▸ Entries supplied:
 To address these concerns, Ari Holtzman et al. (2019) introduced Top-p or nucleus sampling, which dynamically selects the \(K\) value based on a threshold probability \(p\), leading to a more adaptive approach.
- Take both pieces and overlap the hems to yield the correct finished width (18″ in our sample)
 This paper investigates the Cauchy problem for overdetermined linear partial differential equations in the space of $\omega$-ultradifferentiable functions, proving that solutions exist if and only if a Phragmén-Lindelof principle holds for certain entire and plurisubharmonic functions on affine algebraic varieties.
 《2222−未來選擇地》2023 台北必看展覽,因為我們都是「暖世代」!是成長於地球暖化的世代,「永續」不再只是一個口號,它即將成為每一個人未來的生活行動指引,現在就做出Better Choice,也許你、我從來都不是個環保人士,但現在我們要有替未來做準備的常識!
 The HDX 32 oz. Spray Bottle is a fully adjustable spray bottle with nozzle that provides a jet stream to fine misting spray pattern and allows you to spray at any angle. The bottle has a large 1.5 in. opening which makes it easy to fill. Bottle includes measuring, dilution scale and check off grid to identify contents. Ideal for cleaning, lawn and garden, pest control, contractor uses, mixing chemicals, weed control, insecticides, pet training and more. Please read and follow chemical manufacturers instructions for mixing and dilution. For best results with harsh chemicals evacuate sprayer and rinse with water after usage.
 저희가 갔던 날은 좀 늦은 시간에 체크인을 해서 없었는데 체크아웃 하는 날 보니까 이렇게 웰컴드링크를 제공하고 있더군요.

==

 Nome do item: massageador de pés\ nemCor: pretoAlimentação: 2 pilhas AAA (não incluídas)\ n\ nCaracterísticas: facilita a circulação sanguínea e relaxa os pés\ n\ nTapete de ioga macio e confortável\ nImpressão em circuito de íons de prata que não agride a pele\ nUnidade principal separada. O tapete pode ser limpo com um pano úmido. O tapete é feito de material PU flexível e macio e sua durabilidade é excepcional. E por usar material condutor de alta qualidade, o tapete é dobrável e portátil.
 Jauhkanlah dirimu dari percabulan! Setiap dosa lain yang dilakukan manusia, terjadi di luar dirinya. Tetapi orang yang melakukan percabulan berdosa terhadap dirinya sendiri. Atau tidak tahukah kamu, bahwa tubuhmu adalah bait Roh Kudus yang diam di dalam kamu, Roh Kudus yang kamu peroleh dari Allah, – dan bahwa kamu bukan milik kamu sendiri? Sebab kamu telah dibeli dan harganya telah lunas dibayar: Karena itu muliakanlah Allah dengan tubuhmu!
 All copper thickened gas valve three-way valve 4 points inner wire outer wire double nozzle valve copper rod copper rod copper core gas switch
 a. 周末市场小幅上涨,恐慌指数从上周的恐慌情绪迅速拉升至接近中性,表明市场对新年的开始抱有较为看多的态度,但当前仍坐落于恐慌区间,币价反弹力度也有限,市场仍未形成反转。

▸ Aim of the task: Your answer should be the lines of the listing above between the line holding "- Take both" and the line holding "저희가 갔던 날은 좀", inclusive, restated word for word and alone.

▸ Answer to this task:
- Take both pieces and overlap the hems to yield the correct finished width (18″ in our sample)
 This paper investigates the Cauchy problem for overdetermined linear partial differential equations in the space of $\omega$-ultradifferentiable functions, proving that solutions exist if and only if a Phragmén-Lindelof principle holds for certain entire and plurisubharmonic functions on affine algebraic varieties.
 《2222−未來選擇地》2023 台北必看展覽,因為我們都是「暖世代」!是成長於地球暖化的世代,「永續」不再只是一個口號,它即將成為每一個人未來的生活行動指引,現在就做出Better Choice,也許你、我從來都不是個環保人士,但現在我們要有替未來做準備的常識!
 The HDX 32 oz. Spray Bottle is a fully adjustable spray bottle with nozzle that provides a jet stream to fine misting spray pattern and allows you to spray at any angle. The bottle has a large 1.5 in. opening which makes it easy to fill. Bottle includes measuring, dilution scale and check off grid to identify contents. Ideal for cleaning, lawn and garden, pest control, contractor uses, mixing chemicals, weed control, insecticides, pet training and more. Please read and follow chemical manufacturers instructions for mixing and dilution. For best results with harsh chemicals evacuate sprayer and rinse with water after usage.
 저희가 갔던 날은 좀 늦은 시간에 체크인을 해서 없었는데 체크아웃 하는 날 보니까 이렇게 웰컴드링크를 제공하고 있더군요.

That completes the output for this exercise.